In the case of the stupid naysayer algorithm, the more sophisticated ROC-AUC metric does not work since it is undefined when there is only one class in the body of predictions. This makes the ROC AUC metric somewhat more reasonable though it still fails in the case of the False Positive Paradox.

Technically, the 99.9999% accuracy is correct. But it is in no way representative of how it would feel to someone receiving alerts from our system. In a small camera surveillance setup, consisting of 100 cameras, an average of 29 false alerts are received each day. This is much better than our competition but not the result you would have in mind when you have been told the system is 99.9999% accurate. We continually work to decrease the false positive rate and we are confident that we can get it close to zero eventually. Either way, our system still significantly reduces the workload. Previously, human camera observers had to watch 100 video feeds, 24 hours a day, 7 days a week. With only 29 activations per day, observers now only need to watch around 15 minutes (30 seconds per activation) instead of 144000 minutes of footage to achieve the same result.
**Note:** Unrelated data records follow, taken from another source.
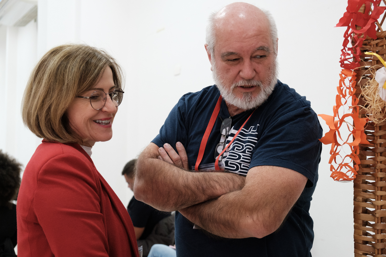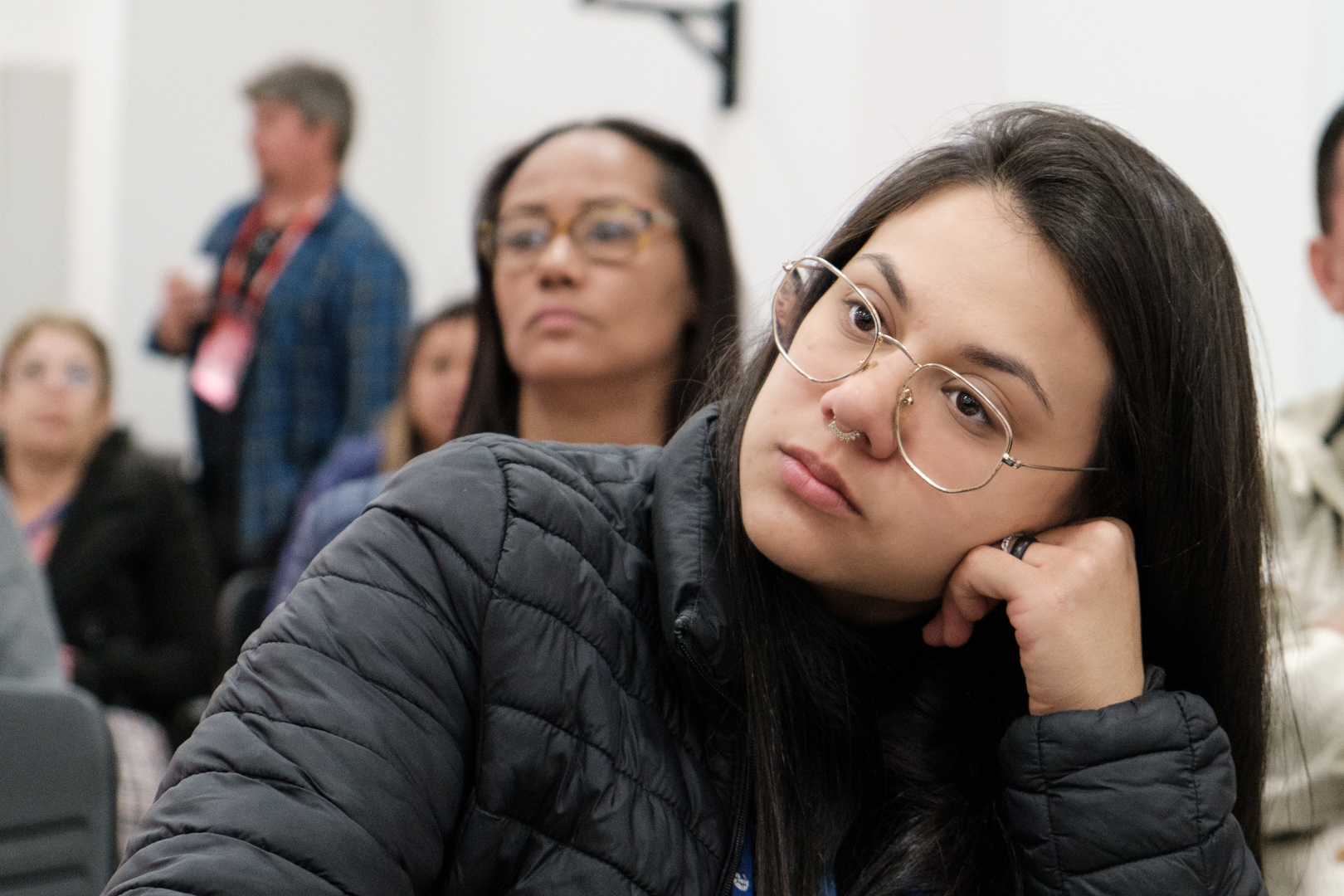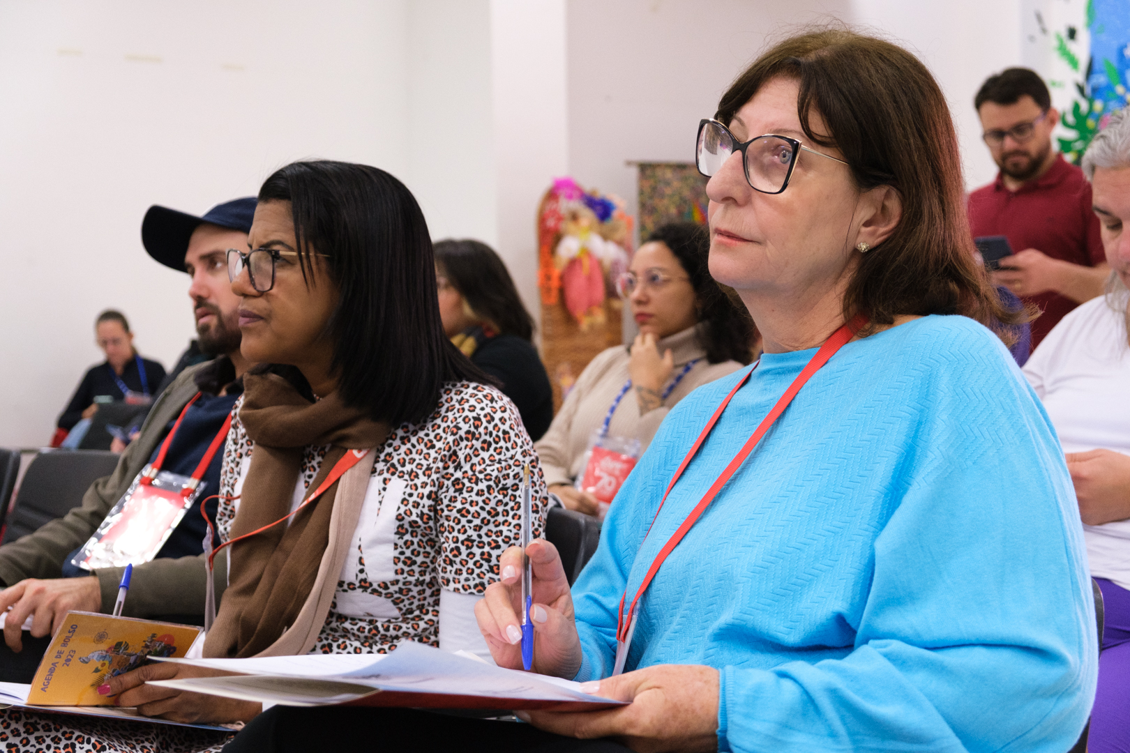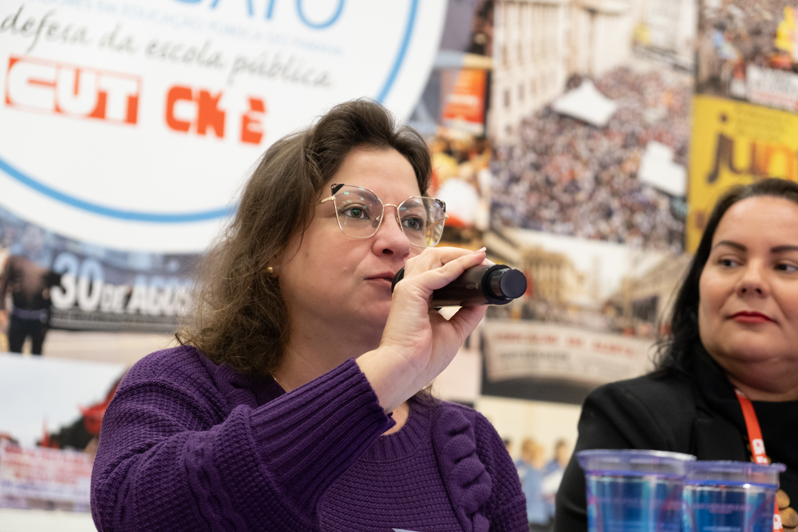 “Se não é possível acabar com as plataformas, o que nós vamos fazer com elas? Como transformá-las em instrumentos de apoio pedagógico, e não de imposição e de captura da educação pública por atores privados? Como organizamos a nossa vida na escola e a nossa resistência, mas também a disputa deste espaço?”, questionou Walkiria Mazeto antes da formação dos grupos.
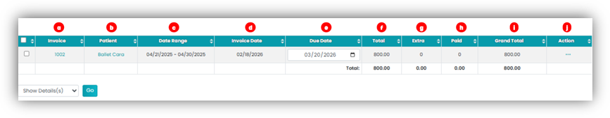 - Extra: This column displays any additional amount added to the invoice, such as a late fee or other applicable charges.
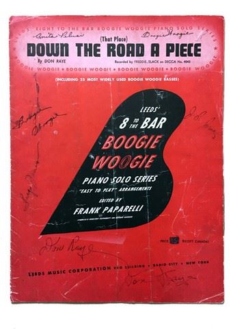 Autographed cover for sheet music: "Down The Road A Piece" by Don Raye, from Leeds' 8 to the Bar Boogie Woogie Piano Solo Series.
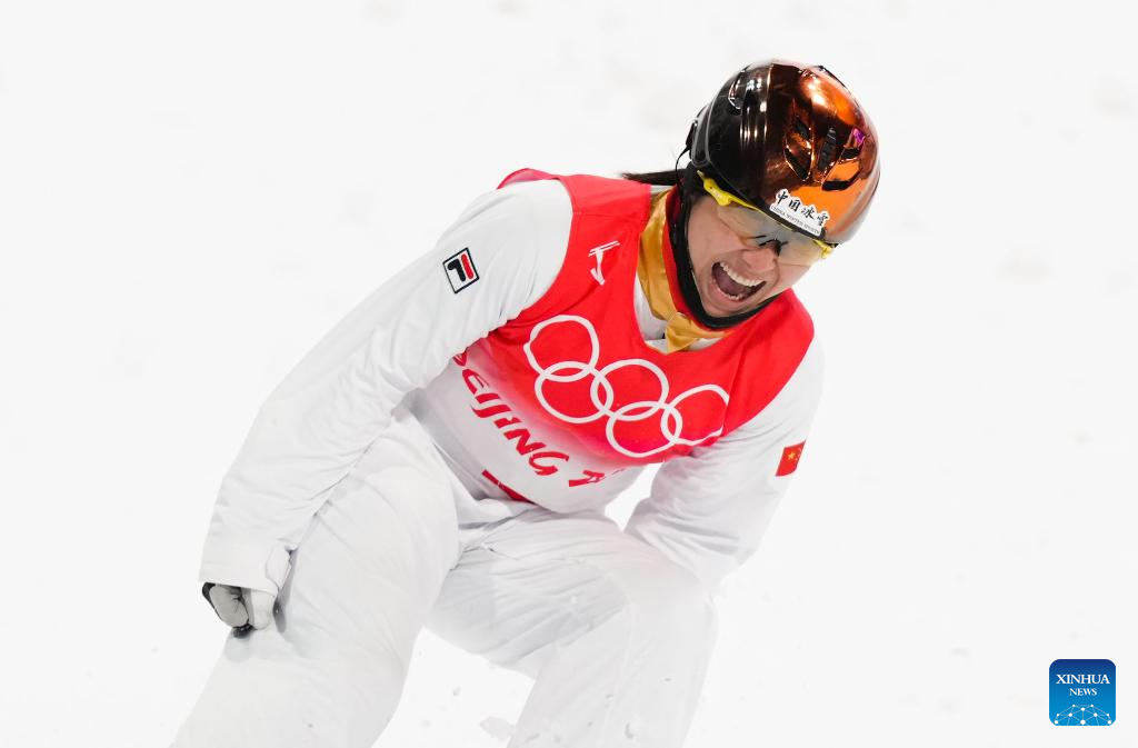 Xu Mengtao of China reacts during the freestyle skiing mixed team aerials final at Genting Snow Park in Zhangjiakou, north China's Hebei Province, Feb. 10, 2022. (Xinhua/Zhu Zheng)
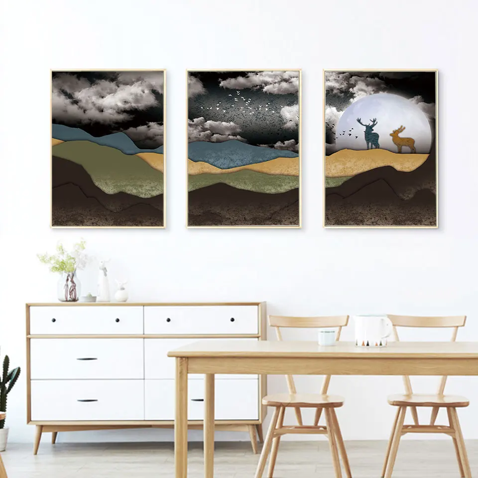 Абстрактный горный постер рисунок оленя на холсте темные облака настенные художественные фотографии для гостиной рума современный дом декоративные принты

We can calculate a more sane accuracy figure by adjusting for the base rate fallacy in our validation set. In an experimental setting, we determine the accuracy of Oddity’s algorithm by validating it against a separate dataset. This dataset is more balanced (30%/70%) and doesn’t suffer from the base rate fallacy. The accuracy on our validation set is near 92%. Though a more meaningful number than the former accuracy figure, it is still important to realize that in principle, these kinds of figures are only relevant in the context they were calculated.

How to defend against BRF

Hopefully, this post has helped you understand how the term accuracy can be grossly misleading or at the very least irrelevant in real-world cases. Whenever you hear someone boast with accuracy figures that seem too good to be true, you need to ask two questions:

  1. What is the size of your body of data?
  2. What is the incidence rate?

If the answer to question 1 is big and the answer to question 2 is small, you have got yourself a Base Rate Fallacy. That does not mean that the figure is incorrect, but it does mean that your brain is most likely interpreting it more positively than it truly is. Simply asking what the fraction of true positives among all positives is could clear some things up. Alternatively, ask what the accuracy is in a more balanced dataset.

TLDR;

  1. In a large body of data with a low incidence rate, the base rate fallacy can occur.
  2. The base rate fallacy is a psychological effect caused by the human brain focusing too much on the special case, rather than the total size of the dataset.
  3. Due to the base rate fallacy, advertised accuracy figures can be very misleading for the untrained brain.
  4. You can spot BRF by its two main characteristics: large body of data and low incidence rate.